Later on, you'll learn that in machine learning, the amount of data you have matters a lot, and the more features you use, your more rows of observation records you need to have. for the model to be able to learn about the patterns between the different features. One that that could help with that, is to find features that are highly correlated with each other, and remove one of them. This is called feature selection.
So what is correlation? Correlation is a statistical measure that indicates the extent to which two or more variables fluctuate together. It is used to identify the degree of relationship between two variables. The correlation coefficient is a statistical measure that indicates the strength of the relationship between two variables. It is a number between -1 and 1. A value of 1 indicates a perfect positive correlation, a value of -1 indicates a perfect negative correlation, and a value of 0 indicates no correlation at all. Correlation can be one of the measures used in inferential statistics to determine the strength of the relationship between two variables.

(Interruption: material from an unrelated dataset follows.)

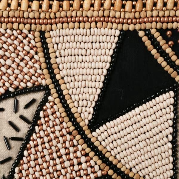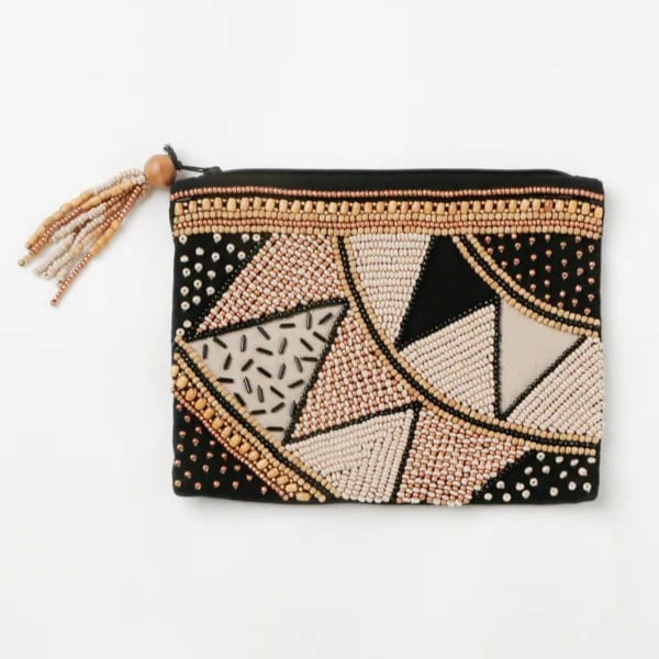 光沢のあるポリエステル生地に、幾何学模様のモチーフをビーズと機械刺繍で表現したポーチです。

and as with everything in data science and data analysis, domain knowledge is needed to understand the results and not come up with bad conclusions.
corr_matrix = auto_mpg_df.corr()
corr_matrix
You could also get the correlation for a particular column. Let's say we want to see how the horsepower is correlated with the weight of the car. We could use the corr() method on the dataframe, and pass the column name as an argument to it.
corr_matrix["horsepower"].sort_values(ascending=False)
Data like this could aid in feature selection and can be used to determine removing one feature from the dataset to reduce the number of features, and thus the number of rows of data needed to train the model.
Looking at the data above here, it might be suggested that there's a high correlation between the horsepower and the weight of the car. But can you get rid of one and keep the other? With domain knowledge, you could learn that while there may be some correlation, it's not where if you need to increase the horsepower, you increase the weight. It's more of Because the weight is high, the horsepower needs to be high as well.
Domain knowledge could also dismiss that as a probable sampling issue where the data may not be representative of the population. There may be light cars with high horse power as well. So you can't just remove a feature because it's highly correlated with another feature.
Let me show you another way where you can see this correlation visually.
from pandas.plotting import scatter_matrix
attributes = ["mpg", "weight", "displacement",
"horsepower", "cylinders"]
scatter_matrix(auto_mpg_df[attributes], figsize=(12, 8))
and from here you could see that the figure where the same property meets, is a histogram about the frequency of the data
https://courses.helsinki.fi/sites/default/files/course-material/4509270/IntroDS-03.pdf
Assignments
- Lab assignment on EDA
- For a particular problem set by me, what kinds of questions would you ask? what data sources would you use?